# Thyroid and Carbohydrates



## AnnaBell (Nov 2, 2016)

Can lack of optimized thyroid levels affect one's ability to tolerate/digest carbohydrates? Eating carbohydrates, even if complex (which I eat a lot of), seems to make me become tired, irritable, anxious, and generally on edge. It also seems to give me headaches and a runny/stuffy nose. I frequently don't feel hungry until after I actually eat something. I've tried eating a low-carb diet but it's quite difficult and inevitably doesn't last. I crave carbs frequently but try to combat it by adding protein and/or fat because I know too many carbs isn't healthy and will make me feel bad.

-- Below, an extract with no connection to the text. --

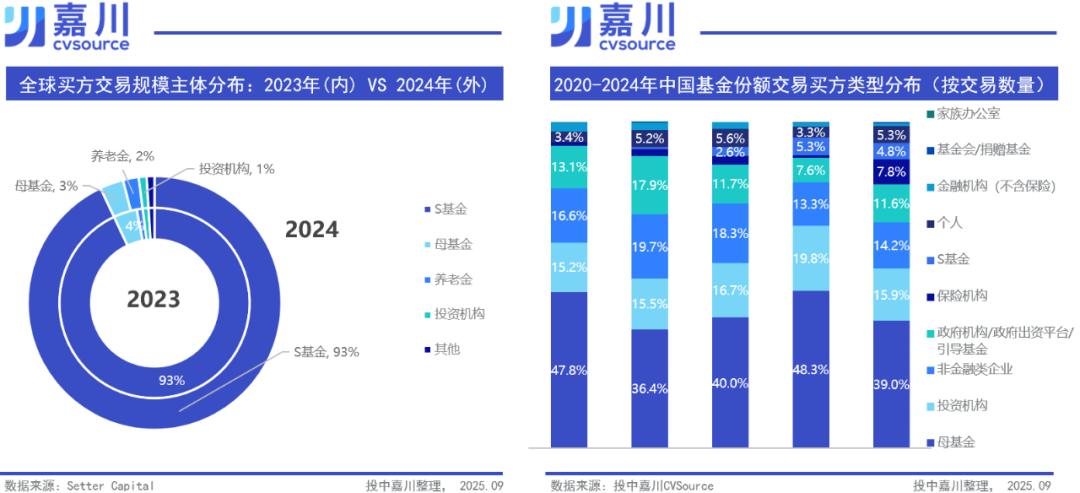 而且与美国市场不同的是,国资已经成为了S交易的第二大卖方。投中嘉川CVSource显示,2020年,以政府机构/政府出资平台/引导基金代表的国资,只在S交易的卖方市场中占比6.9%(按交易数量统计),排在第四位;但短短两年后,就一跃成为第二大卖方,并且在22年、23年和24年,一直维持着20%左右的占比,凸显出国资退出的迫切需求。

I also have a history of an eating disorder, so completely cutting out certain foods is not a great option for me.

My labs from 2 weeks ago were TSH 0.5 (range 0.3-5), FT3 2.7 (2.3-4.2), FT4 1.18 (0.71-1.85). My Levothyroxine was raised 8 weeks ago to 75 mcg. Before that, I was on 50 mcg Synthroid and my TSH was 2.19 but FT3 & FT4 were pretty much the same. I have also been on 5 mcg Cytomel since July.

Other issues include constipation, fatigue, apathy, dizziness, vision blacking out when standing up too quickly, and lack of exercise tolerance but that may be beside the point...


----------



## Lovlkn (Dec 20, 2009)

Your symptoms might just be tied to being under medicated.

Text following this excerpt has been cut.